第5話 画竜点睛の時
俺は再び頭を下げ、それから口を開いた。
「まこともって、ありがたきこと。
信春、直治、屏風を関白様にお目にかけるのだ」
俺の声にうなずき、二人が荷車から襖に挟まれた屏風を抱え、運び込む。
「こちらの座敷に入れよ。
人目につかぬ方が良いし、狩野の絵じゃ、徒や疎かにはできぬ」
「お言葉、ありがたく」
そう俺は手早く応え、立ち上がって信春、直治どのを手伝う。この場合、ぐだぐだと言葉を紡ぐより、はやくお見せした方がいい。関白様が見ようとじりじりとされているのが窺えるのだから。
数瞬の間ののちには大きな屏風一双が開いて置かれ、座敷に京の町を出現させていた。
「これは予想を超えて、また見事な……」
そう呟いて、関白様は顔を屏風に近づけてしげしげと眺め、眺め続けた。
「おや、麿がいるではないか」
「おそれながら、描かせていただきました」
「見ても見ても尽きぬ。見飽きぬ。
京の町は果てがないの。
まさに、これは素晴らしいものじゃのう……」
と、ここで不意に関白様が涙声になられた。
「おうおう、義輝殿がいらっしゃるではないか。
おお、六角が京を押さえた時の姿か。
この……、この京はもはやなく、儚い過ぎ去った夢のような姿じゃな……」
「いいえ、お言葉を返しまことに申し訳ございませぬが、これを過ぎ去りし二度と取り戻せぬものとしてはなりませぬ。
そのためにこそ、この屏風に将軍様のお姿を残したのでございます」
関白様のような貴人に言葉を返すは不敬なれど、俺は言わずにはいられなかった。
「そうか。

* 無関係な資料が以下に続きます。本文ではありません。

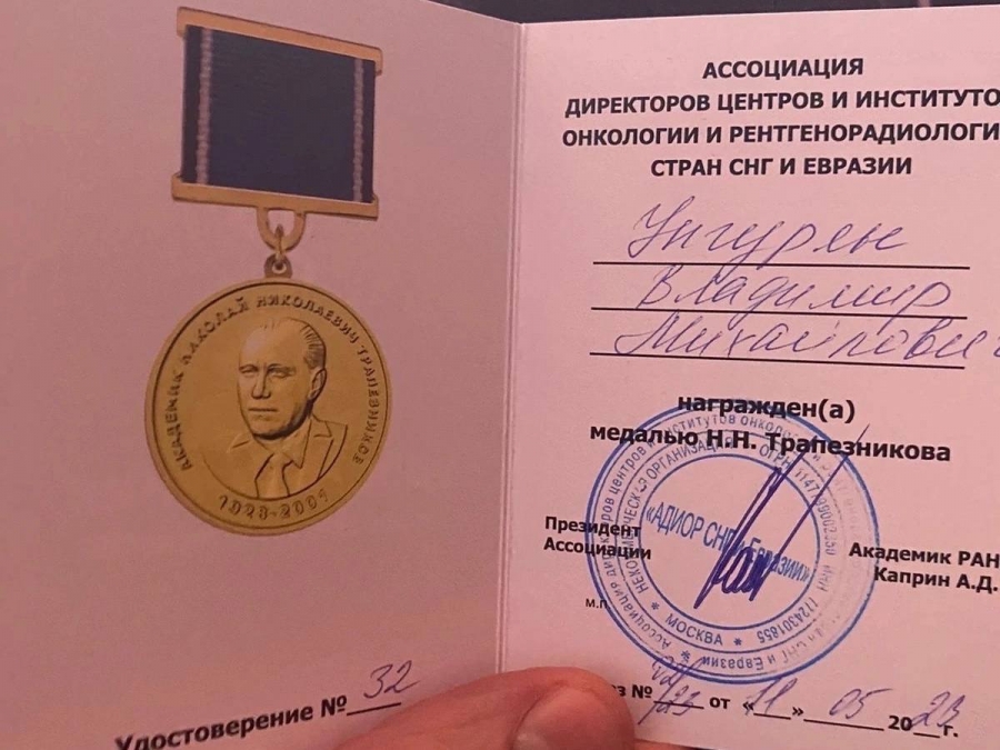 Медаль Владимиру Унгуряну была вручена вчера на XII съезде онкологов России.

そのとおりかも知れぬのう。
『麿が不甲斐ないばかりに義輝殿が討たれてしまった』などと言えば、『わしは将軍じゃ、馬鹿にするな』と、義輝殿は声を荒らげられたであろうなぁ」
見れば関白様、はらはらと落涙されていらっしゃった。
「それは見事な最期であったと、将軍の名に恥じぬお強き姿であったと、市中の者も皆噂しておりまする。この絵は再びその将軍様の御威光を取り戻すべき姿にて、その道標となるものにございます。
そうあらねば、将軍様も浮かばれませぬ」
「棟梁の言うとおりじゃ。
再び取り戻さねばならぬ姿じゃ。
そのためにも聞いておきたい。義輝殿は、棟梁にはどのような絵を描けと申されたのじゃ?」
袖で涙を拭いながらの御下問である。
「は。
将軍様はまず、手前に尋ねられました。
関白様が越後に下向したのは知っておろうか、と。そして、将軍様は関白様と志を同じゅうしておられる、と。
とはいえ、将軍様の書く書状はすべて三好の手の者に見られておるから、文字はいかぬ。だから、長尾景虎殿、いやさ上杉謙信殿が京に参る切っ掛けとなる絵を描け、と。

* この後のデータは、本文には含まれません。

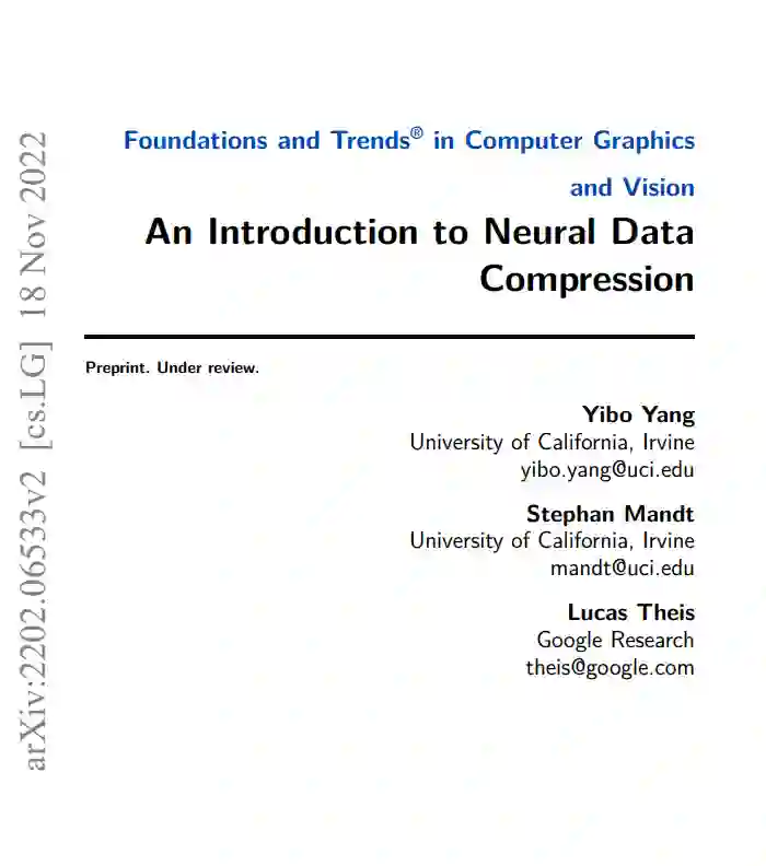 数据压缩的目标是减少表示有用信息所需的比特数。神经压缩,或学习压缩,是神经网络和相关机器学习技术在这项任务中的应用。本文旨在通过回顾神经压缩的先决背景和代表性方法,为对压缩感兴趣的机器学习研究人员提供一个切入点。在当前的深度学习时代[1]-[4]之前,基于学习的数据压缩的基本思想早已以各种形式存在。许多用于神经压缩的工具和技术,特别是图像压缩,也借鉴了计算机视觉中基于学习的方法的丰富历史。事实上,图像处理和恢复中的许多问题都可以看作是有损图像压缩;例如,图像超分辨率可以通过学习固定编码器(图像下采样过程)[5][6]的解码器来解决。事实上,神经网络早在20世纪80年代末和90年代就已经应用于图像压缩[7][8],甚至有一篇早期的综述文章[9]。与早期工作相比,现代方法在规模、神经结构和编码方案方面有显著差异。

その絵は、見る者が見れば上杉謙信殿とわかれど、知らぬ者が見ても誰とは決められぬ。そういう絵がよい、と。
その絵が越後に送られる時が、世が正しき道に戻る始まりぞ、と申されておりました」
俺がそう答えると、関白様はお持ちの扇子をもう片方の掌にぱしりと叩きつけられた。
「なんと……。義輝殿は、京の町を描けと申されたわけではないのか」
「は、それはこの源四郎が判断にて。
進物たるに相応しいものを描けとのことでしたので、手を掛けさせていただきました。
静謐なる京の町の姿が望みであるということから、このように描かせていただきましたが、将軍様の身にこのようなことが起きてしまった今、これを描き残しておいて本当に良かったと思っております」
「そうか……」
関白様は改めてしげしげと洛中洛外図屏風を眺められて、再び仰られる。
「して、上杉はどこじゃ」
「実はまだ描いてございませぬ。未だ画竜点睛の時、至らずやもと。
世があまりに荒れ、まことに上杉殿を描いてよいか、一介の絵師にはわからなかったからなのでございます。

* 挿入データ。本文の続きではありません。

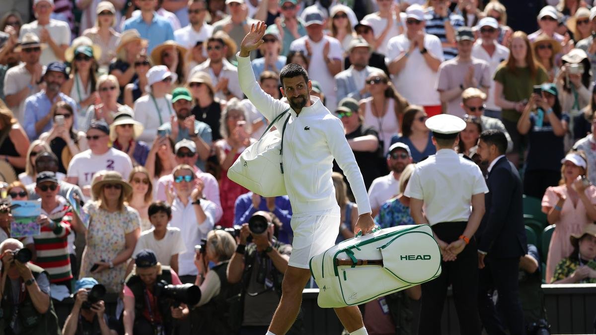 Novak Djokovic de Serbia reconoció el campeonato de tenis Wimbledon 2025 en Londres el 3 de julio de 2025. Crédito de la foto: Getty Fig

ですが、逆を言えばどなたでもこれから描くことができまする。
将軍様の遺命を伝えるものとしてこれを関白様にお使いいただければ、この狩野源四郎、恐悦至極に存じます」
「なるほどな。
狩野の棟梁は、麿にこの絵を買えと申すか」
さすがの俺も、この御下問には狼狽を隠せなかった。
「な、なんと、滅相もない……」
「冗談じゃ。
そのように慌てなくてもよい。なかなかによい面構えになったとは思うが、慌てぶりを見ればやはりあの源四郎なのだな。麿は嬉しく思うぞ。
よい。
この絵、棟梁の読みのとおりに使わせてもらう。そして、この絵の代も心配いたすな。まだ麿にもそのくらいの力はある」
そのお言葉を聞いて、俺は果てなく安心した。
もちろん、絵の代のことではない。
これで将軍様も少しは浮かばれようか、とだ。
第6話 今の京取り巻く情勢
に続きます。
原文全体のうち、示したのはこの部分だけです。